* **Given entries**
- - -
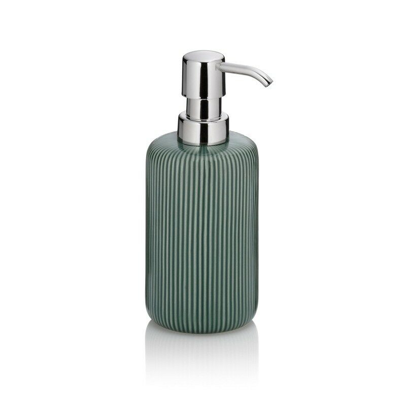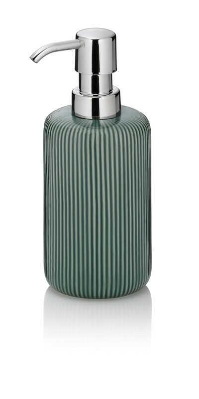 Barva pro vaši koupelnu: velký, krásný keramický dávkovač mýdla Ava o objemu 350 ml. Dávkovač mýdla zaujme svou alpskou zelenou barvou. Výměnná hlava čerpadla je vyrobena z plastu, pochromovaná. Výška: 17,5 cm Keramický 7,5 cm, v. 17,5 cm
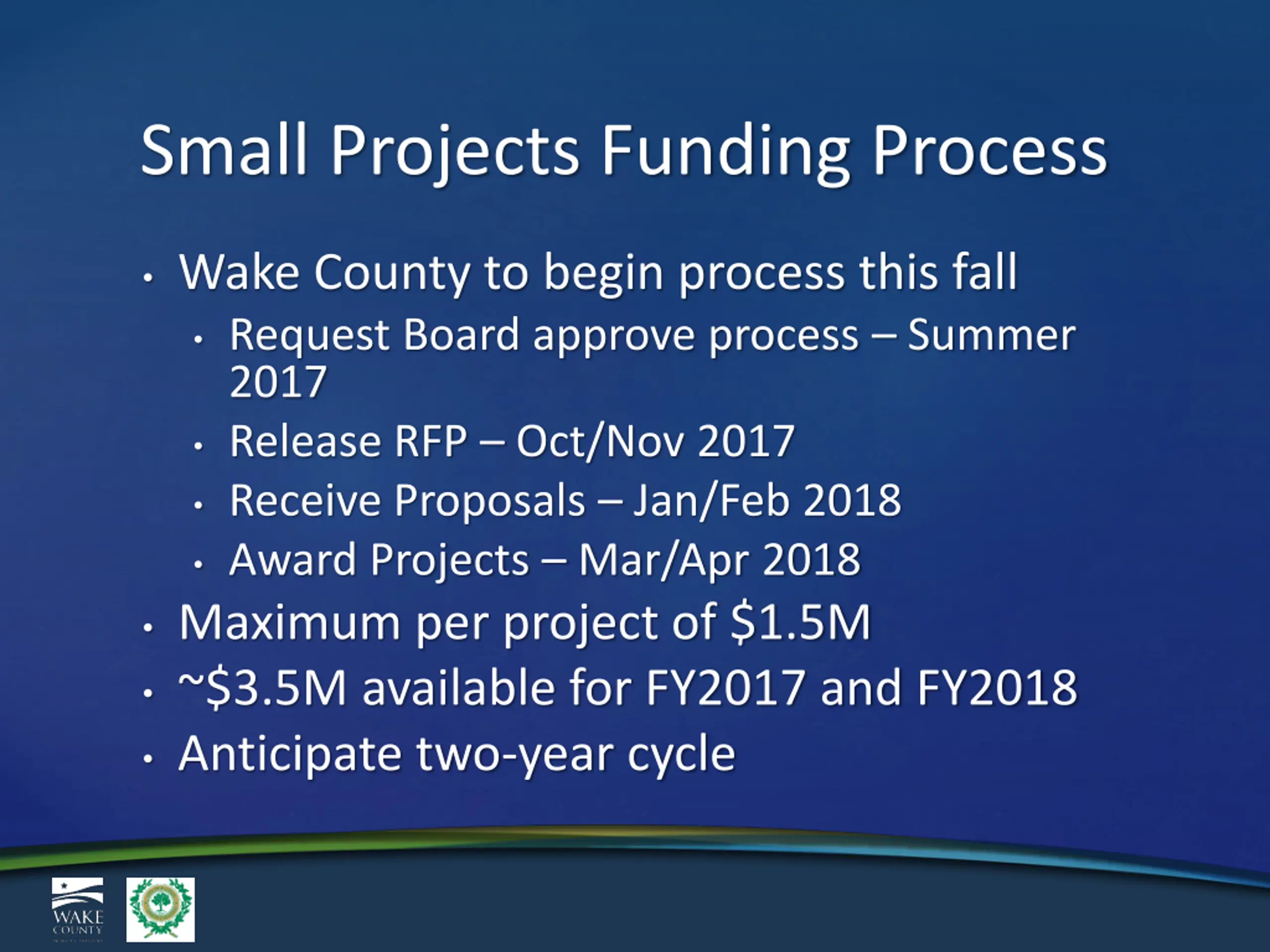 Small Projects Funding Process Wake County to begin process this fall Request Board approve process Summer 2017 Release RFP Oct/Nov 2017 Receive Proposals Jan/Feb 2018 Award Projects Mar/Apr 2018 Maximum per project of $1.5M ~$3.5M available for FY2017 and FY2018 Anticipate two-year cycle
- - -
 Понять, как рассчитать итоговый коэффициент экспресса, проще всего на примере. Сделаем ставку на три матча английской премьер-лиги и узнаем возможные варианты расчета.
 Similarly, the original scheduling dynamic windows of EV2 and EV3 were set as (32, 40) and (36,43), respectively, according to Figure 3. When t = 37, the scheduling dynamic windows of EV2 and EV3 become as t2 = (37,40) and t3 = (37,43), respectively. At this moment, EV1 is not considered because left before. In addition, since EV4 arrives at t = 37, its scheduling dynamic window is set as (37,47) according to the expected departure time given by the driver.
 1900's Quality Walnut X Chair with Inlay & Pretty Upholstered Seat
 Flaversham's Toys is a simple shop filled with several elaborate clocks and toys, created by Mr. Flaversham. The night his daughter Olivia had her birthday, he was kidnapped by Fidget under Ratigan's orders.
- - -
* **Aim of the task**
Return only the part of the records above that opens with the line containing "Similarly, the original" and closes with the line containing "Flaversham's Toys is", ends included.

* **Response to the exercise**
 Similarly, the original scheduling dynamic windows of EV2 and EV3 were set as (32, 40) and (36,43), respectively, according to Figure 3. When t = 37, the scheduling dynamic windows of EV2 and EV3 become as t2 = (37,40) and t3 = (37,43), respectively. At this moment, EV1 is not considered because left before. In addition, since EV4 arrives at t = 37, its scheduling dynamic window is set as (37,47) according to the expected departure time given by the driver.
 1900's Quality Walnut X Chair with Inlay & Pretty Upholstered Seat
 Flaversham's Toys is a simple shop filled with several elaborate clocks and toys, created by Mr. Flaversham. The night his daughter Olivia had her birthday, he was kidnapped by Fidget under Ratigan's orders.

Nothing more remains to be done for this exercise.